I’m writing a final-year paper, much like most finishing undergraduates, and I find the following tools for Mac to be very useful:
BibDesk – a free, open-source bibliography manager which supports importing annotations from .PDF file. Outputs citations in BibTeX format (more on this anon). It permits searching JSTOR and library catalogues from within the application, meaning adding bibliographic records for books and articles requires little or no data entry, where existing records exist. It is even possible to connect to your local university’s catalogue, if they provide this service – that would mean you’d get local shelfmarks in your local reading list, which can be useful if you are offline.
Skim – a souped up, free, PDF reader with support for exporting highlighted text, and integrates with BibDesk. If you are reading a journal article which has been OCRd or typeset using TeX, the process of citing that source is as trivial as highlighting the relevant passage, and pasting it into your thesis. BibDesk manages these notes.

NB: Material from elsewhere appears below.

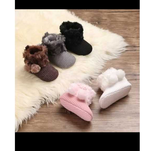 COCO Sepatu Bayi Perempuan Prewalker 0 - 12 Bulan Murah / Sepatu Baby Cewek POMPOM Halus Newborn Terbaru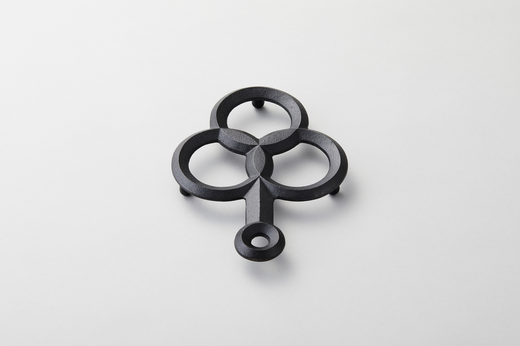 品番:KO-01品名:鍋敷・三葉色:黒(本漆焼付仕上げ)寸法:W195xD140xH22mm材質:鋳鉄重量:約400g価格:4,000円(税抜き)KO-01/Pot stand/Mitsuba

MacTeX – TeX distribution for typesetting dissertation. If you don’t want to use this and prefer Word, think about plugins like BibTex4Word that offer simple integration of references into your document, and can automatically generate bibliographies in the same way
Google Spreadsheets – I use this to manage quotations from non-digital sources. One workbook with a worksheet per source, works well, not forgetting to fastidiously note page numbers.